What to work on: Directions for the data below: repeat exactly the lines from the one with "Se utilizan materiales" through the one with "버거의 구성은 '모짜렐라", both included, and omit all pictures.

Task inputs:

....

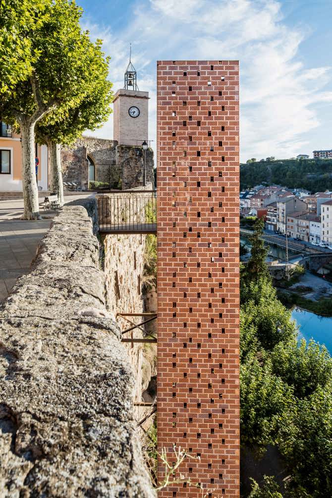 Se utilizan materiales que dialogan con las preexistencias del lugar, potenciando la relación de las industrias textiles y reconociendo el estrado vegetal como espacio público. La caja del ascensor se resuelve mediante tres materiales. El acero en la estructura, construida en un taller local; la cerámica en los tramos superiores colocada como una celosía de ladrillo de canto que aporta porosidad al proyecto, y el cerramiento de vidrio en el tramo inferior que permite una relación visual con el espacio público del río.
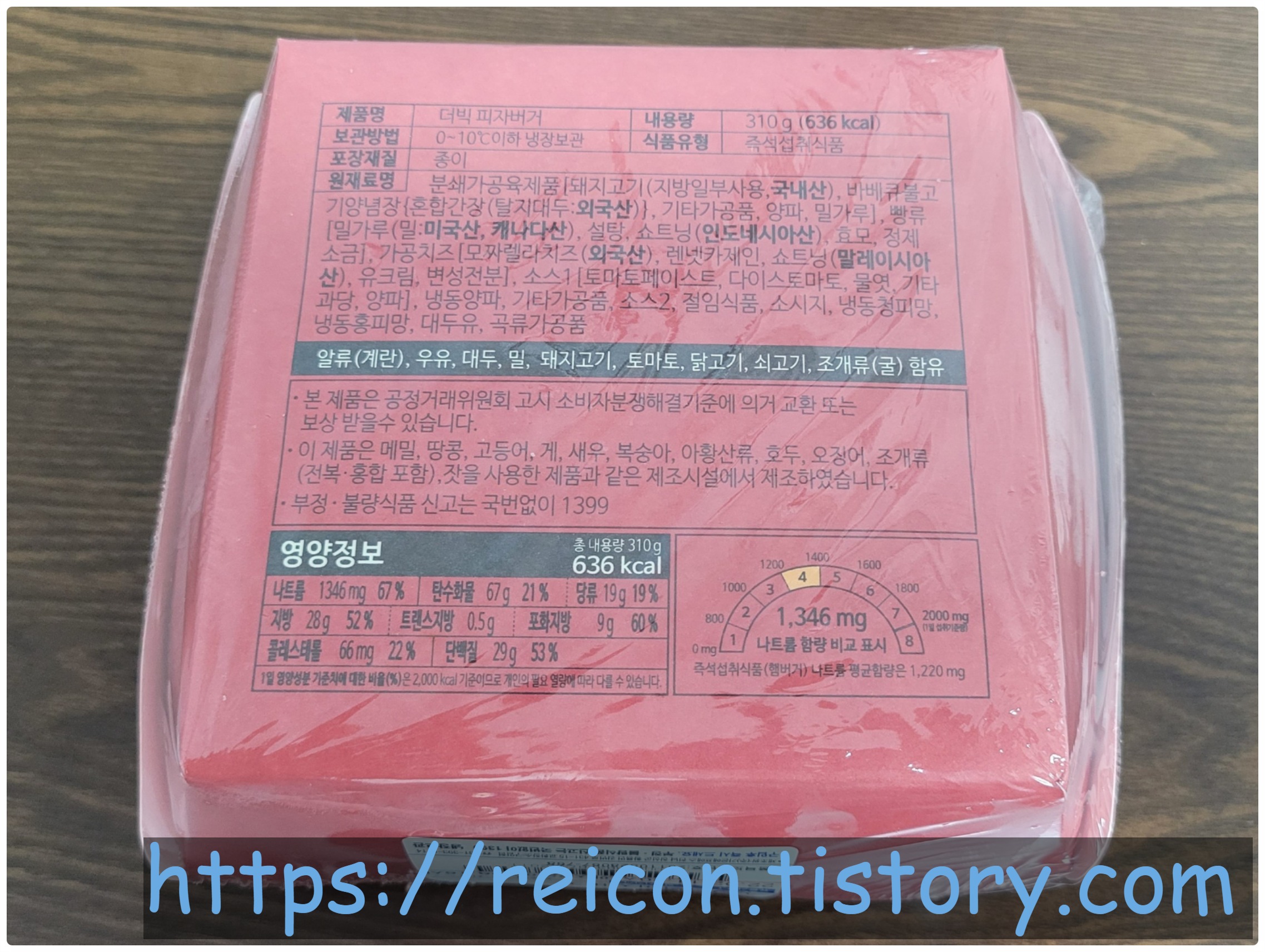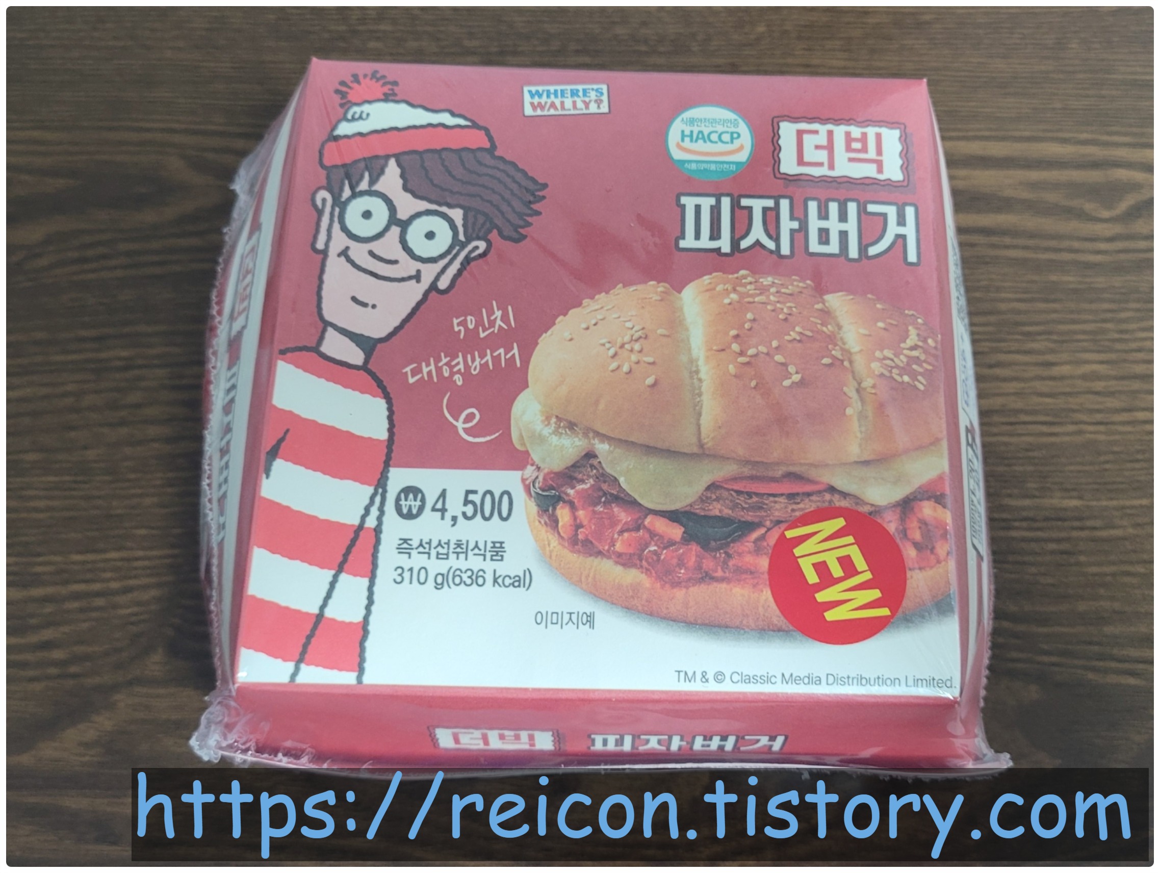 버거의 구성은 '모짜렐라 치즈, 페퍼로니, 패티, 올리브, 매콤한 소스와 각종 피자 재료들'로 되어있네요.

....

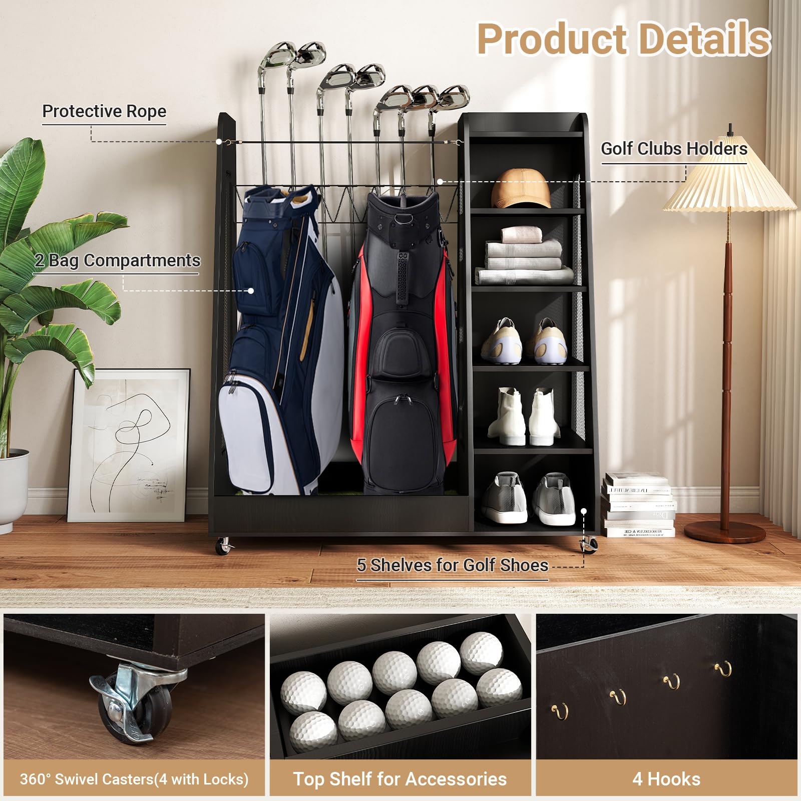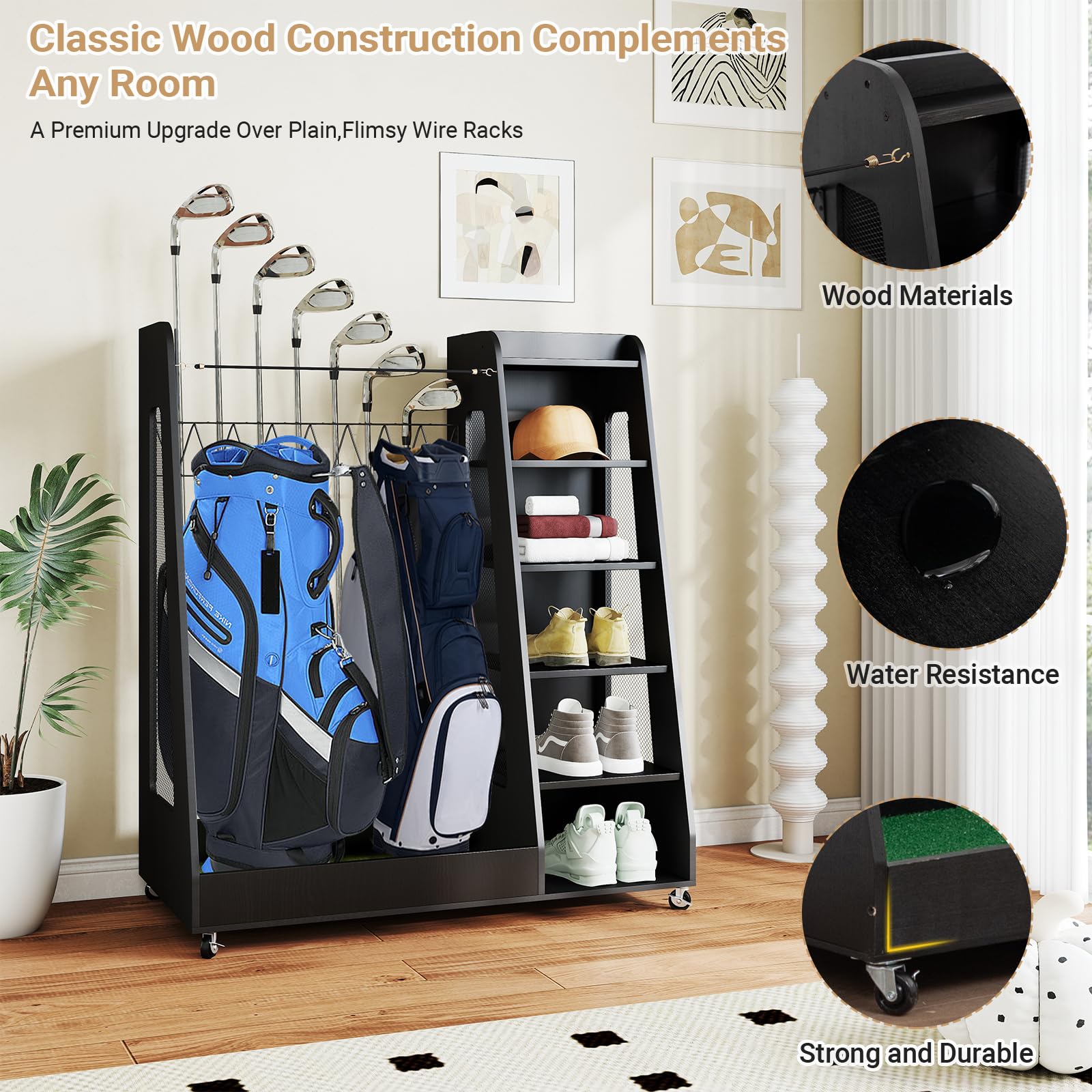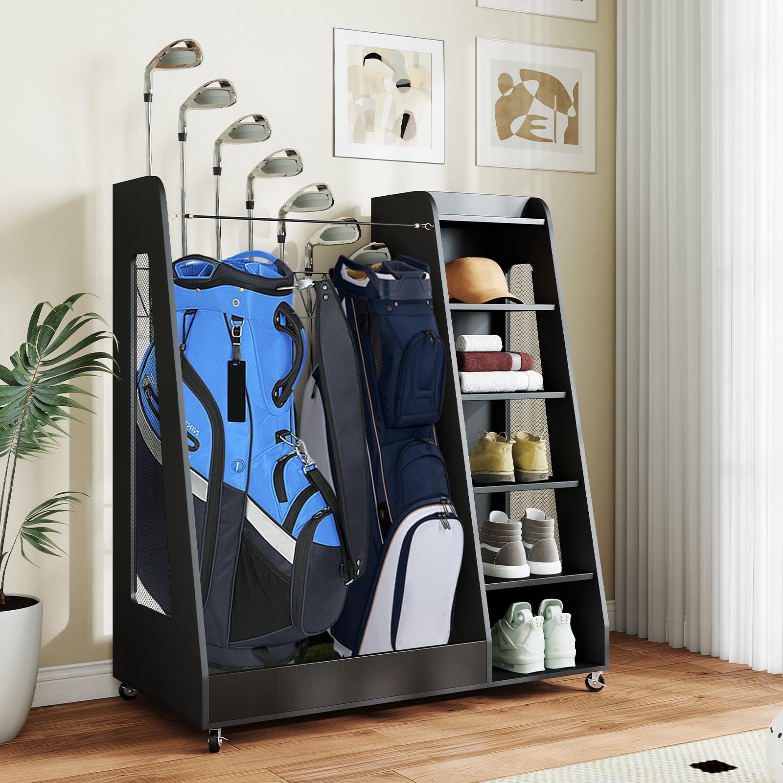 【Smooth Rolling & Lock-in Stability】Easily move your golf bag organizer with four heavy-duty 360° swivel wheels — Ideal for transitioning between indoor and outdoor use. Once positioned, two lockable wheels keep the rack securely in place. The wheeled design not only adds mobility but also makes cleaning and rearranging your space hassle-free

....

Reply:
 Se utilizan materiales que dialogan con las preexistencias del lugar, potenciando la relación de las industrias textiles y reconociendo el estrado vegetal como espacio público. La caja del ascensor se resuelve mediante tres materiales. El acero en la estructura, construida en un taller local; la cerámica en los tramos superiores colocada como una celosía de ladrillo de canto que aporta porosidad al proyecto, y el cerramiento de vidrio en el tramo inferior que permite una relación visual con el espacio público del río.
 버거의 구성은 '모짜렐라 치즈, 페퍼로니, 패티, 올리브, 매콤한 소스와 각종 피자 재료들'로 되어있네요.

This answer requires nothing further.